Some trainers will talk about corrections, what do they mean by this?  Well most trainers using corrections mean that they will use a form of positive punishment, often this is used to teach dogs not to pull on lead, dog pulls handlers jerks the leash, also called leash pops.  In training positive means to add something and negative means to take it away; a bit like maths, it doesn't mean good and bad that's the reward or punishment bit.  So positive punishment is adding an aversive, something the dog doesn't like, such as a jab in the neck with a choke chain.

One of the popular training types is called balanced.  This means that the trainer is using positive and negative training methods adding and taking away rewards and punishments. So for pulling on the lead the trainer may do a leash pop and follow it up with "good dog" when the dog is beside them.

What about me?  Well I use a holistic approach.  What is this? I look at the dog as a whole and try to find out why it is behaving in the way it is. I will look at what the dog is eating and how this may impact on behaviour, how the dog is feeling at the time it is doing the behaviour, the dog's reasons for doing the behaviour and what the dog is like on a day to day basis in it's general mood. I also use a method known as LIMA which means Least Intrusive, Minimally Aversive.  What one dog finds aversive another dog may find rewarding, and vise versa, which is why I believe that a holistic view is the one that is needed when dealing with any other being, whether your pet dog or another person.  It's putting yourself in that situation and finding out how to make it better, for the dog and for the people around the dog.

Back to pulling on the lead, why does a dog do it?  Basic science is pressure causes counter pressure so if the dog starts to forge ahead the handler will try to pull it back, the dog then will lean into the collar (almost all pullers are in collars) and pull harder, this results in a loop where the handler pulls back more and the dog tries to pull ahead more.  We've all seen the dog walking down the street, handler's arm at full length and the dog's tongue almost on the floor, "who's walking whom" is often the quip.
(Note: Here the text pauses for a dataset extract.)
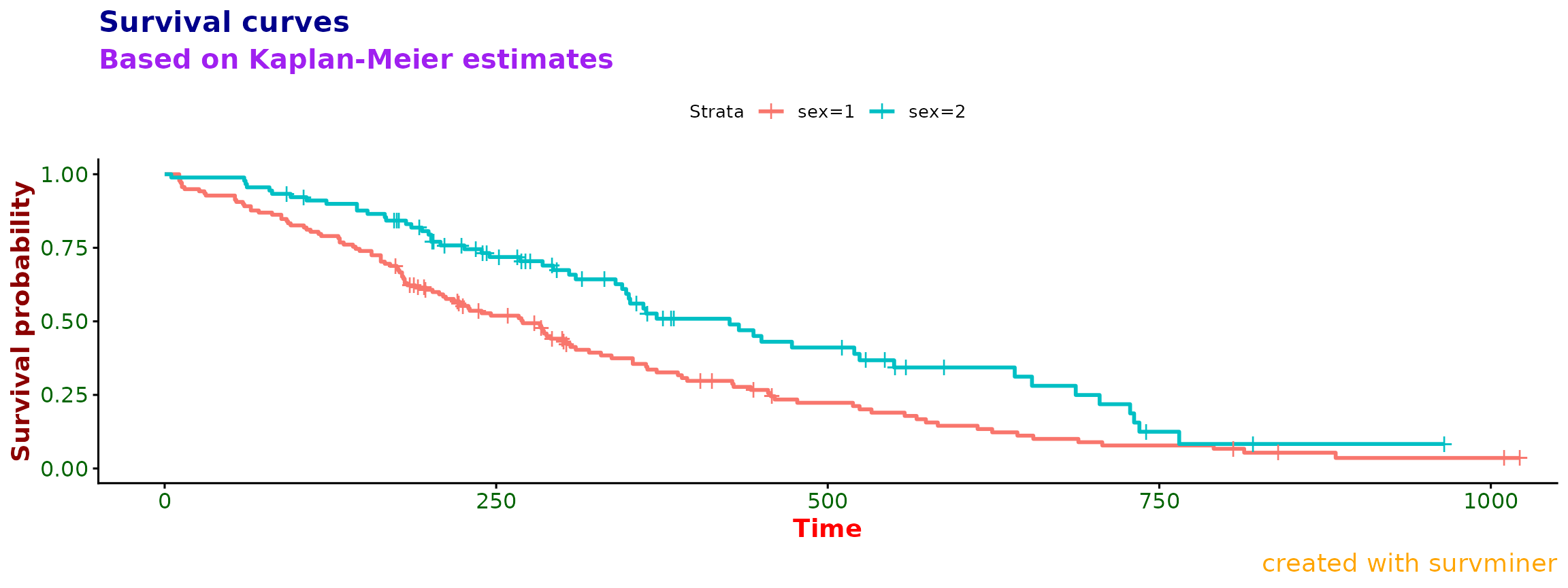 title = "Survival curves", subtitle = "Based on Kaplan-Meier estimates",

Why else is the dog pulling?  It could well be that the dog is having it's only form of mental and physical exercise of the day and is desperate to get to the park having just spent the last 23 hours in the house, with a huge chunk of them alone.  Maybe the dog pulls so much that walkies becomes a huge event because it doesn't happen that often. Maybe the dog just hasn't ever had basic training on lead walking, after all who wants to spend the time training walking?  Isn't walking the dog training it?  Well it's certainly giving the dog the practice at pulling.  Walking the dog isn't training it if the dog is pulling, unless you want a dog that pulls.
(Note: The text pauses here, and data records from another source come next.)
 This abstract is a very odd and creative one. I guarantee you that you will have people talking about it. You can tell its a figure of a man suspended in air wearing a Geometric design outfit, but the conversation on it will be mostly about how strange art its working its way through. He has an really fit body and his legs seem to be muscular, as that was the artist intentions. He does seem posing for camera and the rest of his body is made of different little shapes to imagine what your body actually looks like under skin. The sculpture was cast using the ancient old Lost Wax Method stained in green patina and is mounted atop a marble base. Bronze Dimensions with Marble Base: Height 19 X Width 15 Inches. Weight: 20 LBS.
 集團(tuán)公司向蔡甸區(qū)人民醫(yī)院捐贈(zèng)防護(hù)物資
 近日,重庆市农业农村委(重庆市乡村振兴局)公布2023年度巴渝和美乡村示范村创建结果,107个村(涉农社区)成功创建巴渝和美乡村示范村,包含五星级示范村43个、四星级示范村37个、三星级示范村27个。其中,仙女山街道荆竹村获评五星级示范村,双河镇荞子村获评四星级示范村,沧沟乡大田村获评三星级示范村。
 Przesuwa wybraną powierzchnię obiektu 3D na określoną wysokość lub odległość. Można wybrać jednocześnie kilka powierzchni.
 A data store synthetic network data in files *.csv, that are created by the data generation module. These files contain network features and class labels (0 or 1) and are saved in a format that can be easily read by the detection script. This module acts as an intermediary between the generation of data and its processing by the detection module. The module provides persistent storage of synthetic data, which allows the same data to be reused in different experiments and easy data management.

So my holistic approach, why is the dog pulling and what can be done to make walking the dog enjoyable for both dog and handler?  Go back to the very basics, put a well fitting harness on the dog, harnesses do not cause the damage to the dog's throat and spine that a collar dogs, plus the dog is getting a different sensation,  I prefer harnesses with front rings as well as the one on the back, used with a 2 point lead this can make all the difference.  Then reward the dog for being beside you.  I'm happy if I can touch the dog, ie the dog is in a radius that could be reached by my hand and if my lead is loose.  This may mean one step at a time and the dog's 30 minute walk doesn't get as far as the garden gate for a few days, you can always pop the dog in the car and drive to a safe place for exercise. I also use a technique known as bottle feeding where the treat is in the hand closest to the dog.  How do my methods help, and why doesn't the dog get frustrated at not walking or get fat? The dog is learning and at the same time earning a treat reward, yes I use food for this the yummier the better,  but the dog won't get fat because the rewards become random as the dog gets better on lead, so the dog will stay on a loose lead as it has learnt that this will bring a reward but it doesn't know when.  Remember that a reward is something the dog likes, which can be switched from food to a ball, or a tug toy or to get off lead at the park.